Did you actually use any smartphones in 2006?

The typical smartphone of 2006 - think BlackBerry Curve or Motorola Q - was a keyboard-driven (it may or may not have had a touchscreen, and if it did it probably had a stylus) and optimized to do e-mail and calendaring passably well. The experience of browsing the web on BB OS or Windows Mobile (or, God help you, Windows CE) was so painful as to be something you did in a pinch because you had to, not because you wanted to. Built-in apps were generally carrier-loaded crapware. Don't even get me started on how difficult it was to do things like, you know, make phone calls.

So the smartphone of 2006 was basically a decent mobile e-mail device, and that's it. The all-touchscreen, web-friendly user experience of the iPhone - remember, back then stuff like "pinch to zoom" was a big deal that nobody had seen before - was radically different. It may have been evolutionary, but it certainly wasn't incremental.

Comment Re:Put it another way... (Score 3, Interesting) 160

News flash: basement-bound nerds think being a world champion-caliber athlete is easy. Film at 11.

Let go of your hatred of the dumb-ass jocks who got laid in high school but could never compete on a professional level, and consider that it might not be so brainless to be a world-class athlete. All this study says is that the very best athletes have learned to do it on autopilot, but for everyone else a lot of thinking is involved.

Geeks can actually simulate the experience to a certain degree, given that some modern video games have evolved to a high degree of realism. Play "Madden NFL" on an expert difficulty level, and you'll see just how hard it can be for a NFL quarterback to try to read the movements of 11 defensive players simultaneously and pick the best route to throw the ball... even when you don't actually have to have the arm strength to throw it. Play "MLB the Show" on an expert level and you'll see how hard it can be to react in a tiny fraction of a second whether you're swinging at a 100 mph straight-ahead fastball, an 85 mph changeup that looks just like a fastball, a 90 mph slider that stars out straight but breaks away from the pitcher's arm, or a 70 mph knuckleball that just floats all over the fucking place.

TL;DR - (some) video games these days are good enough to replicate just how hard professional level athletics are, even without the actual physical exertion. Please don't dismiss athletics as brainless if you don't know what the fuck you're talking about.

Comment Re:These are the guys you voted for ... (Score 1) 225

Why, because the Republicans - so notoriously unfriendly to business - would have cracked down and decreased H1Bs? Not bloody likely. At best, knowing today's Republican party, they would have upped H1B quotas but stipulated "no Mexicans" to assuage the Arizona contingent.
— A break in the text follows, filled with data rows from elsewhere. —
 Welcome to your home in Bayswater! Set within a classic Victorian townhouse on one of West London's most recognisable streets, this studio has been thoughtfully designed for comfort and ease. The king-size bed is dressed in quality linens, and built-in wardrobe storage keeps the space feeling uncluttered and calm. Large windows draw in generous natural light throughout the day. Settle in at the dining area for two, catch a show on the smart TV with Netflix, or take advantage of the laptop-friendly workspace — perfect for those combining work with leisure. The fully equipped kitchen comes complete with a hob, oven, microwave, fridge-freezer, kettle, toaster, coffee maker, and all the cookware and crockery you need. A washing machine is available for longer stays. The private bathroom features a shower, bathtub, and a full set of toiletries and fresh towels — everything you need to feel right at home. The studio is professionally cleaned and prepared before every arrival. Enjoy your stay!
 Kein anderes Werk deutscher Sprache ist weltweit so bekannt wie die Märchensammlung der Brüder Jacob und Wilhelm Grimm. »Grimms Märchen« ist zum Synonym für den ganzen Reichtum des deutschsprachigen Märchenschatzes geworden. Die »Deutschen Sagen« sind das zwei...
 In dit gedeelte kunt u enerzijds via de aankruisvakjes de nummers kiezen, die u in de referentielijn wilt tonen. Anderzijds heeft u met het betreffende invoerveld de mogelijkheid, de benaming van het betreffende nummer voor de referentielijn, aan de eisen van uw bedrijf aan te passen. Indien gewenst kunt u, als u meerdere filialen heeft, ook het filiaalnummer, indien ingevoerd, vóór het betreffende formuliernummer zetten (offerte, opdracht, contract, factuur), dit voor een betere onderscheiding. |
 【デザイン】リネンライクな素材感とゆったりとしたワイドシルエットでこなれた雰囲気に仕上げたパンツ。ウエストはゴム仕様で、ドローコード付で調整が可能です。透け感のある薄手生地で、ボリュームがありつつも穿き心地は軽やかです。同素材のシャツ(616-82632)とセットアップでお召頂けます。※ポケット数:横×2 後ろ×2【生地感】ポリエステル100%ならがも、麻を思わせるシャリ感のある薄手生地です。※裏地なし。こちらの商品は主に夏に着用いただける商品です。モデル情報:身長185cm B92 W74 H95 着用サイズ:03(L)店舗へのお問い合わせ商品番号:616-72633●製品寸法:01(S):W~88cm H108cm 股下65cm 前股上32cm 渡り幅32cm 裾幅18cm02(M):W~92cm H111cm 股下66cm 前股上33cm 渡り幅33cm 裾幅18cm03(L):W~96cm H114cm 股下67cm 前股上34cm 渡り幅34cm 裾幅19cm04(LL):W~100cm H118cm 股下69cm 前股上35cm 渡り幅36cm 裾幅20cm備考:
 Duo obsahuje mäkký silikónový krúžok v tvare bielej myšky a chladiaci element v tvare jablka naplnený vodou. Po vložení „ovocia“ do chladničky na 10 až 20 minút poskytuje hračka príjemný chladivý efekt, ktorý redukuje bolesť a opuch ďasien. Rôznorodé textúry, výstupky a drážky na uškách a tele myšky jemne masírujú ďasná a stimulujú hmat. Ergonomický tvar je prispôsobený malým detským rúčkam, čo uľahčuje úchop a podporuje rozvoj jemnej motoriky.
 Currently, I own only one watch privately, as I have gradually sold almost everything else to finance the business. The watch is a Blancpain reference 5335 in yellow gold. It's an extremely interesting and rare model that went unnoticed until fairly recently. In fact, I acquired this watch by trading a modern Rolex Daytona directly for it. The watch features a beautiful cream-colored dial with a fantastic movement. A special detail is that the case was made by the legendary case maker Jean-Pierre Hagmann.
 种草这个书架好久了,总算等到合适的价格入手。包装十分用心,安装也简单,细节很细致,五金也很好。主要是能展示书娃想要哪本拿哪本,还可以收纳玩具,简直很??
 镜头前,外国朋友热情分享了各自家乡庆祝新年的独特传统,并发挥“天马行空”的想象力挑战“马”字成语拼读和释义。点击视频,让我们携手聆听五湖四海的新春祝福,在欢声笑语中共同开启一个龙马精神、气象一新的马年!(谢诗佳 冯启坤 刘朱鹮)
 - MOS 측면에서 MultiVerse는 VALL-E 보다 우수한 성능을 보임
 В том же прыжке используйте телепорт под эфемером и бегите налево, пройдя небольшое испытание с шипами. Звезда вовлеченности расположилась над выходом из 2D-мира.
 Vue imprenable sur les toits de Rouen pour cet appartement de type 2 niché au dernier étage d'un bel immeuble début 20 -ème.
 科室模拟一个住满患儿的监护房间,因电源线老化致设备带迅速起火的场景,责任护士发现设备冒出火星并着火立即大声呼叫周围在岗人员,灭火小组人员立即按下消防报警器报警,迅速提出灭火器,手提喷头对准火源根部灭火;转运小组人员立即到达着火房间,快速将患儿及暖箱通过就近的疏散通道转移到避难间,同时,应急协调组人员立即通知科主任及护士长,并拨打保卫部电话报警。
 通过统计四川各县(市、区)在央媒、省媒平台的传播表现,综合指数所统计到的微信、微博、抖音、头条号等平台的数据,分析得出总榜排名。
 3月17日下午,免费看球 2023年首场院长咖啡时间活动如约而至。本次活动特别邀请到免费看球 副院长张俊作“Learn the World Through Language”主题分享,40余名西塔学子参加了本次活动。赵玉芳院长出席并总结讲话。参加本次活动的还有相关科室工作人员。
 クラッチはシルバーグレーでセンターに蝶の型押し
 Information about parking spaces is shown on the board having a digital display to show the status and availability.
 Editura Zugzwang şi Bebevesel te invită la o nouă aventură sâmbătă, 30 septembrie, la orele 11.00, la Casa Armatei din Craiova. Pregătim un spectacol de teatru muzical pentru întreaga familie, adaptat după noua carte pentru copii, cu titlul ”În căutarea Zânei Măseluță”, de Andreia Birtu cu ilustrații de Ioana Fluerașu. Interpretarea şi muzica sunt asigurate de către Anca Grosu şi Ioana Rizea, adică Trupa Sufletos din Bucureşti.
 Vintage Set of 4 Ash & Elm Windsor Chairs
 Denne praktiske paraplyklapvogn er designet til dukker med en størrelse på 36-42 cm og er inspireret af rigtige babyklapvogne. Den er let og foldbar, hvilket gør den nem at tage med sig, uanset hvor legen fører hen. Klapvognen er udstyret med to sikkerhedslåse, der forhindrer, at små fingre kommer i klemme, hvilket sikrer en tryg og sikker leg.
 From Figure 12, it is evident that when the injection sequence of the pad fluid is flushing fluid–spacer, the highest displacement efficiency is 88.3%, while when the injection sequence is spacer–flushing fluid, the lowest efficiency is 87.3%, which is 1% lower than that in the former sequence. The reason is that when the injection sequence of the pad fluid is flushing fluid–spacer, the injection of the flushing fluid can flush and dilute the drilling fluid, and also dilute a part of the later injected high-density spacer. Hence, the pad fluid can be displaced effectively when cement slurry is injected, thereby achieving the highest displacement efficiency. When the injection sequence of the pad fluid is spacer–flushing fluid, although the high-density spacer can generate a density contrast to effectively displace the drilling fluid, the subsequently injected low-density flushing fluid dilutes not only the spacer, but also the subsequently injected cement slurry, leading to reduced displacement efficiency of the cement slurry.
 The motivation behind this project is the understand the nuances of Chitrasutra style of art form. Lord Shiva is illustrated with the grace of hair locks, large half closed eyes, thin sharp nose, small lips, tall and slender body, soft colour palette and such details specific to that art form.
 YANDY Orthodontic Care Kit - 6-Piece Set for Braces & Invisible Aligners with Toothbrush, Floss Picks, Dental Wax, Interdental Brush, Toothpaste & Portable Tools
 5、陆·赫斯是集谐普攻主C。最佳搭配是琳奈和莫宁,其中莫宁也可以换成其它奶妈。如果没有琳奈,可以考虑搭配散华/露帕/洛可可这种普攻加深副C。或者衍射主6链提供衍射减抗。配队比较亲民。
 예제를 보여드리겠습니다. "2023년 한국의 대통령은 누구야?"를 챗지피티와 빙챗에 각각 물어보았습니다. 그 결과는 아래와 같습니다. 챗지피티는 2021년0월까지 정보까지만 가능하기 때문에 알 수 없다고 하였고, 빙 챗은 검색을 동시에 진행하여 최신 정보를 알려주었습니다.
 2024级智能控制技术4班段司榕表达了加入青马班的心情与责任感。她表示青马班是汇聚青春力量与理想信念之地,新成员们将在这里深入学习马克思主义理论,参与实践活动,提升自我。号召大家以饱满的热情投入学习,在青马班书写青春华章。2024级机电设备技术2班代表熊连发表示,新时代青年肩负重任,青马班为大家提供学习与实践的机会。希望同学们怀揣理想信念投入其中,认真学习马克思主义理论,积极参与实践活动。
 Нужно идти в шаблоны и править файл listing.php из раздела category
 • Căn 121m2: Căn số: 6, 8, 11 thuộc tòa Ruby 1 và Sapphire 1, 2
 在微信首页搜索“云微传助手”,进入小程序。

Note that I say this as someone who is a GOP apostate but nonetheless is technically one of the approximately four registered Republicans in the greater Seattle area. Today's GOP sadly fails to understand that, given the rest of their pro-business policies, they would have Silicon Valley in their pocket if they just learned to stop yammering on about eeeevilution, gay marriage and "Obamacare gave me leprosy!" A lot of the tech world would flock to their cause if they stopped clinging to idiotic social conservative policies that alienate everyone in America who isn't white, Christian and over 50 years old.

Long story short to the OP - don't use this as a tool to bash Biden/Obama, because the Republican ticket would have jacked up H1B quotas, not reduced them. If you're anti-H1B, you may not like the current administration policies but they are no worse than the alternative.